Soziales, Senioren, Sport: Diesen drei Sparten widmete sich die vielseitig engagierte Weselerin Ursula Fricke besonders. Wie erst jetzt bekannt wurde, ist sie im Alter von 84 Jahren am 21. Februar gestorben. Am heutigen Dienstag findet ab 11 Uhr in der Gnadenkirche die Trauerfeier statt.

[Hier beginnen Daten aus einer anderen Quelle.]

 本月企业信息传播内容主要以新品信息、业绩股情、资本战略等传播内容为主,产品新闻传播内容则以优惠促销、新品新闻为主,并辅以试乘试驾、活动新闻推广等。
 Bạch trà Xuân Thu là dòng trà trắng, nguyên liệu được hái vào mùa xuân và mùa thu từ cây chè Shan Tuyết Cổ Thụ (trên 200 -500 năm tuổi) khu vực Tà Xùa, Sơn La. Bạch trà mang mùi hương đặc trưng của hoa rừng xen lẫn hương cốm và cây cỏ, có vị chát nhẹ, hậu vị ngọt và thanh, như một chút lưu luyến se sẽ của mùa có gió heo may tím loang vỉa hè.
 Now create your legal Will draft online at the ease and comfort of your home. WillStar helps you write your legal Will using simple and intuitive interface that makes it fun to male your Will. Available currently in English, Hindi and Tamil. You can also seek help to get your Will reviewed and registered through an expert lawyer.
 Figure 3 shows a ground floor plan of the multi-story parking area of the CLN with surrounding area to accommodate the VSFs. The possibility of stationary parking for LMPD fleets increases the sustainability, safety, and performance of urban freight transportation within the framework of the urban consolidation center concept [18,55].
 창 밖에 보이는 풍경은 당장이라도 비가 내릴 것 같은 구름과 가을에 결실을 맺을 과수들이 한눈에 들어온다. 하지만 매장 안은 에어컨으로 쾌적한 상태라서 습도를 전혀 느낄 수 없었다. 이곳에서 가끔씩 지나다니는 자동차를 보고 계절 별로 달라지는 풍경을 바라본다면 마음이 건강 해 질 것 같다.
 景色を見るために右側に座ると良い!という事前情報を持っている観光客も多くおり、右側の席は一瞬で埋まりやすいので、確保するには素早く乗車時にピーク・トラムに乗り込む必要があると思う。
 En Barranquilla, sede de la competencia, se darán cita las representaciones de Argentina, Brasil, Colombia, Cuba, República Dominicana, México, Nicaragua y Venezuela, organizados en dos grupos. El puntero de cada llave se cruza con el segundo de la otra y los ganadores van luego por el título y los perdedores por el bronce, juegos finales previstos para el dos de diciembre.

Ursula Fricke, Trägerin des Bundesverdienstkreuzes am Bande, stammte aus Düsseldorf. In Wesel, wo ihr 2014 verstorbener Mann Eberhard Fricke vor allem als Geschäftsführer des Evangelischen Krankenhauses im Licht der Öffentlichkeit gestanden hatte, setzte sich Ursula Fricke mehr als 30 Jahre an der Spitze des Vereins Information und Hilfe in Drogenfragen ein, in der Stadt schlicht als Drogenberatung bekannt.

Außerdem war sie ab 1997 ehrenamtliches Mitglied des Seniorenbeirates der Stadt Wesel und von 2001 bis 2010 dessen Vorsitzende. Die Arbeit des Beirates hat sie bis zuletzt unterstützt.

Fit hielt sich die leidenschaftliche Tennisspielerin Ursula Fricke im TC Rot-Gold Obrighoven, schaffte mit den Damen 50 im Jahr 2003 zum Beispiel die Rückkehr in die Zweite Verbandsliga.

Die Beisetzung Frickes findet im Kreis der Familie statt. Statt Blumen und Kränzen wünschte sich die Verstorbene Spenden für das Hospiz am Evangelischen Krankenhaus. Wer sich mit Gaben daran beteiligen möchte, überweist an die Kati-Faßbender-Stiftung, IBAN DE04 3565 0000 1000 1289 81 bei der Niederrheinischen Sparkasse Rhein-Lippe unter dem Kennwort Hospizneubau – Ursula Fricke.